• RECORDS:
§

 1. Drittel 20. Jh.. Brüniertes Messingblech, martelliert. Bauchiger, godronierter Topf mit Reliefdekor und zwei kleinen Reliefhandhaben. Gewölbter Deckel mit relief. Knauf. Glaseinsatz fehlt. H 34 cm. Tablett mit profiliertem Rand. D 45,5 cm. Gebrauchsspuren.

§

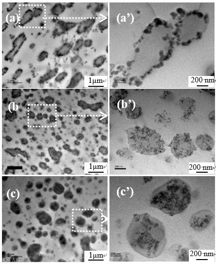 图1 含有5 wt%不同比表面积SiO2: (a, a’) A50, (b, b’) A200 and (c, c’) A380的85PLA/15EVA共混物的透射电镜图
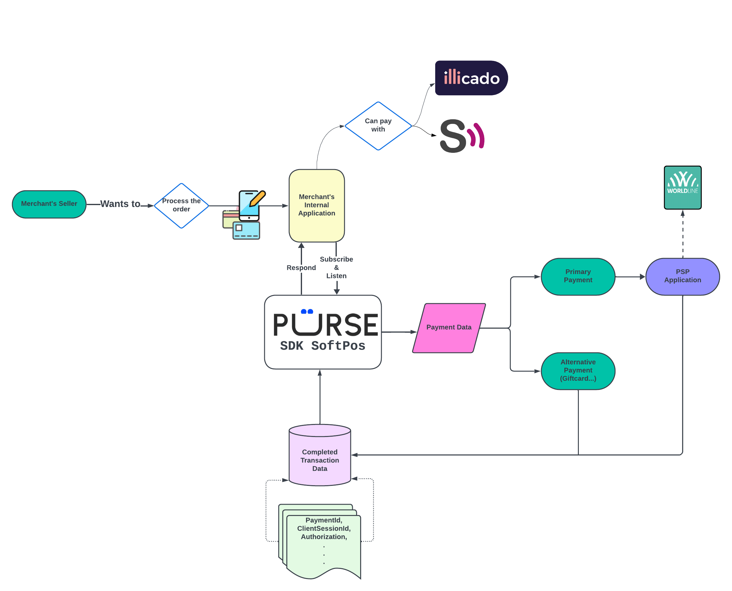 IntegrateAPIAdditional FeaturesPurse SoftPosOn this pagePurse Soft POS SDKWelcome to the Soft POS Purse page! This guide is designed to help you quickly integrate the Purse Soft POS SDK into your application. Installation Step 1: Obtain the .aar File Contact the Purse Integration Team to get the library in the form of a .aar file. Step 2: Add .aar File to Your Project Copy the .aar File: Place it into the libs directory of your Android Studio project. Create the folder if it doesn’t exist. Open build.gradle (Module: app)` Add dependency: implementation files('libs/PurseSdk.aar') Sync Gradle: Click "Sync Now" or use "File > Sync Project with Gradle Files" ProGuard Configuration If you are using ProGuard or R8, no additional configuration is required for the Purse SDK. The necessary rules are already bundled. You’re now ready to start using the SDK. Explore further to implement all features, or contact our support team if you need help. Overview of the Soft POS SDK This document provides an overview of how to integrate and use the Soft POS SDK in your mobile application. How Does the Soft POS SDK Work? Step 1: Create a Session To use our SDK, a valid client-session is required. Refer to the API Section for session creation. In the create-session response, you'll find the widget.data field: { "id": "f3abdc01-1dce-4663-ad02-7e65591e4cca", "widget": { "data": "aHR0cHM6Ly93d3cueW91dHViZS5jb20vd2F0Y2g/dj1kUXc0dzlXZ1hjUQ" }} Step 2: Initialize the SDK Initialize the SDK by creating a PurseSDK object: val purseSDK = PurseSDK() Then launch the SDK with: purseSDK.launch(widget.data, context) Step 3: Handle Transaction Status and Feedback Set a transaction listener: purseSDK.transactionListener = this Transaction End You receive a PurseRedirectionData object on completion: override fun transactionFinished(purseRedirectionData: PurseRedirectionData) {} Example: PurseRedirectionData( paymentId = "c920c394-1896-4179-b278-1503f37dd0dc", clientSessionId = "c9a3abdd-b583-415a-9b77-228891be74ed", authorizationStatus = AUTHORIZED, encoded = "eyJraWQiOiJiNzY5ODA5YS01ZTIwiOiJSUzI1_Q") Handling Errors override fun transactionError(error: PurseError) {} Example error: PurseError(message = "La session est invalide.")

§

• TASK DIRECTIONS:
Only the lines between the one with "图1 含有5 wt%不同比表面积SiO2: (a, a’)" and the one with "IntegrateAPIAdditional FeaturesPurse SoftPosOn", those two included, get copied from the material above. Keep it exact and free of pictures.

• OUTPUT BELOW:
 图1 含有5 wt%不同比表面积SiO2: (a, a’) A50, (b, b’) A200 and (c, c’) A380的85PLA/15EVA共混物的透射电镜图
 IntegrateAPIAdditional FeaturesPurse SoftPosOn this pagePurse Soft POS SDKWelcome to the Soft POS Purse page! This guide is designed to help you quickly integrate the Purse Soft POS SDK into your application. Installation Step 1: Obtain the .aar File Contact the Purse Integration Team to get the library in the form of a .aar file. Step 2: Add .aar File to Your Project Copy the .aar File: Place it into the libs directory of your Android Studio project. Create the folder if it doesn’t exist. Open build.gradle (Module: app)` Add dependency: implementation files('libs/PurseSdk.aar') Sync Gradle: Click "Sync Now" or use "File > Sync Project with Gradle Files" ProGuard Configuration If you are using ProGuard or R8, no additional configuration is required for the Purse SDK. The necessary rules are already bundled. You’re now ready to start using the SDK. Explore further to implement all features, or contact our support team if you need help. Overview of the Soft POS SDK This document provides an overview of how to integrate and use the Soft POS SDK in your mobile application. How Does the Soft POS SDK Work? Step 1: Create a Session To use our SDK, a valid client-session is required. Refer to the API Section for session creation. In the create-session response, you'll find the widget.data field: { "id": "f3abdc01-1dce-4663-ad02-7e65591e4cca", "widget": { "data": "aHR0cHM6Ly93d3cueW91dHViZS5jb20vd2F0Y2g/dj1kUXc0dzlXZ1hjUQ" }} Step 2: Initialize the SDK Initialize the SDK by creating a PurseSDK object: val purseSDK = PurseSDK() Then launch the SDK with: purseSDK.launch(widget.data, context) Step 3: Handle Transaction Status and Feedback Set a transaction listener: purseSDK.transactionListener = this Transaction End You receive a PurseRedirectionData object on completion: override fun transactionFinished(purseRedirectionData: PurseRedirectionData) {} Example: PurseRedirectionData( paymentId = "c920c394-1896-4179-b278-1503f37dd0dc", clientSessionId = "c9a3abdd-b583-415a-9b77-228891be74ed", authorizationStatus = AUTHORIZED, encoded = "eyJraWQiOiJiNzY5ODA5YS01ZTIwiOiJSUzI1_Q") Handling Errors override fun transactionError(error: PurseError) {} Example error: PurseError(message = "La session est invalide.")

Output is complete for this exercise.